François Mitterrand avait commencé le travail, qui est désormais achevé : le PS a dépouillé le PCF, son vieux rival, de ses voix et de sa substance. Il lui a tondu la laine sur le dos, reprenant ses circonscriptions, ses municipalités, et même le département symbole de la Seine-Saint-Denis. Mais la nature a horreur du vide. Il y a toujours eu deux gauches en France et les antilibéraux, qui n’ont pas réussi à s’entendre pour la dernière présidentielle derrière José Bové, sont en train de se fédérer derrière Olivier Besancenot, le facteur qui monte dans les sondages. Le PS est condamné à avoir un parti qui le dépasse sur sa gauche.
Le Nouveau Parti anticapitaliste (NPA) veut se débarrasser des oripeaux du trotskisme qui transforment la LCR en épouvantail. Il s’est taillé un costume jeune et vise large, de l’extrême gauche aux bourgeois bohèmes. Le bolchévisme est mort, vive le bobolchévisme, comme l’a déjà surnommé « Marianne » ! Les gros bras, les minettes, les déçus du PS et du PC, les antinucléaires, les homos, les féministes, tout le monde est le bienvenu, même les moins recommandables. Olivier Besancenot a récemment déjeuné en compagnie de Jean-Marc Rouillan, ex-fondateur du groupe terroriste Action Directe, actuellement en semi-liberté.
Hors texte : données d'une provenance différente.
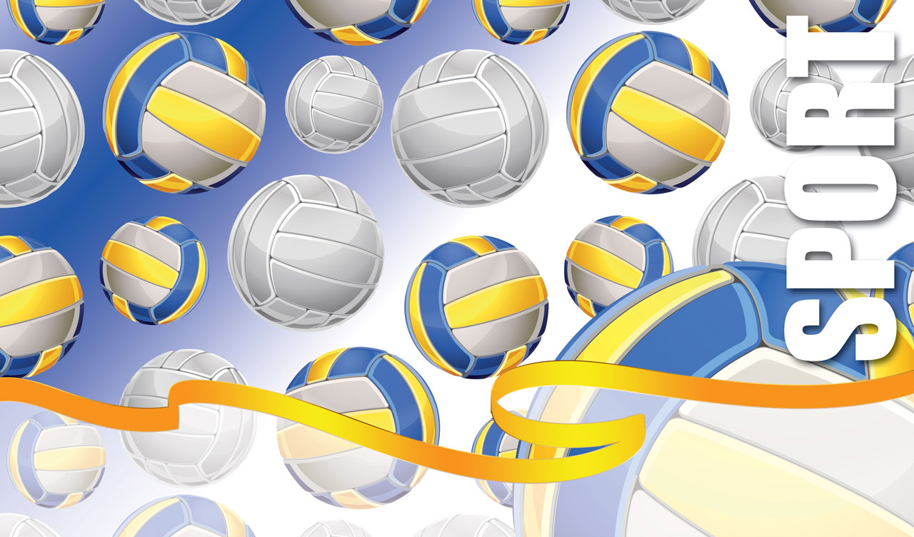 Volleyball seamless pattern against white to blue gradient with a transparent wave design.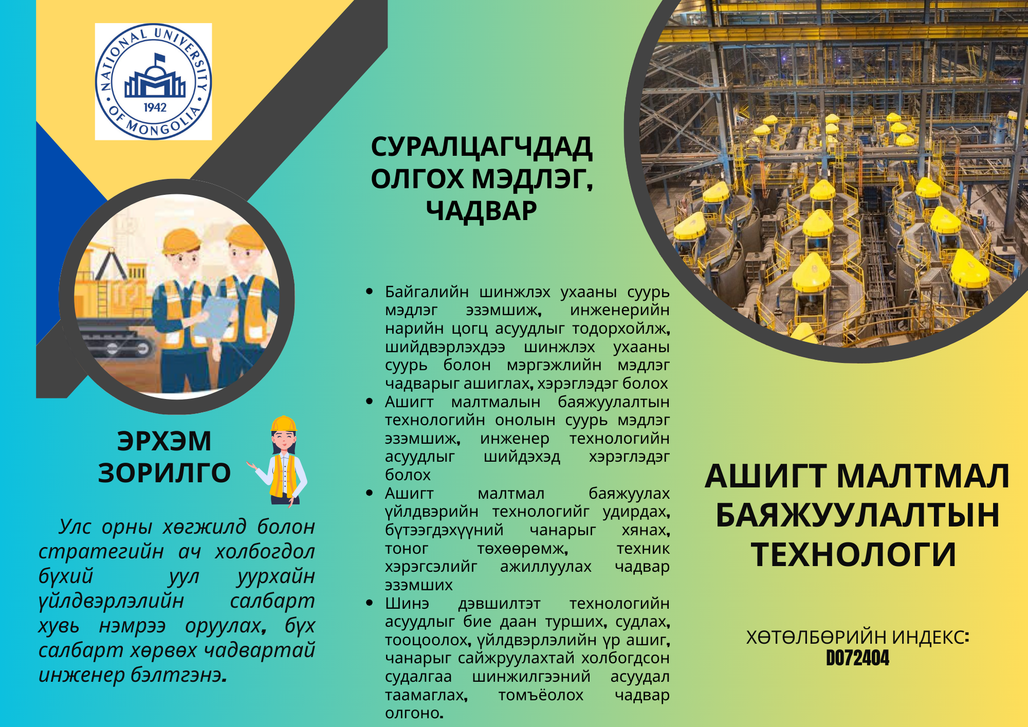 Хөтөлбөрийн хураангуй: Ашигт малтмалын баяжуулалтын технологи” бакалаврын сургалтын хөтөлбөр нь Монгол улсад ажиллаж буй, эрдэс хүдрээс өнгөт болон үнэт металлуудыг баяжуулах үйлдвэр, нүүрсийг баяжуулах үйлдвэр болон баяжмалуудыг экспортлогч компаниуд, газар доор уусган олборлох технологиор ураны шар нунтаг гарган авах үйлдвэр, аж ахуйн нэгж, эрдэс болон нүүрсний шинжилгээний лабораториудад ажиллах инженер, технологич, техникийн ажилтан, шинжээч, лаборант зэрэг боловсон хүчнийг энэ чиглэлийн мэргэжилтэнд тавигдах олон улсын шаардлагад нийцүүлэн бэлтгэн гаргана.

Quel contraste avec la présence, hier à la Plaine Saint-Denis, de la pimpante Clémentine Autain, ex-adjointe au maire de Paris. La chèvre et… la choute, le côté obscur de la force et son côté bon enfant.
Le PS soupçonne Nicolas Sarkozy de favoriser en sous-main la montée d’Olivier Besancenot pour lui mettre des bâtons dans les roues. Ce serait la réponse du berger à la bergère : François Mitterrand n’avait-il pas offert des députés à Jean-Marie Le Pen, grâce à la proportionnelle, pour mieux encercler la droite classique ? Il a fallu attendre Nicolas Sarkozy pour que celle-ci sorte du piège. Au PS d’en faire autant, en inventant une nouvelle façon de faire de la politique à gauche.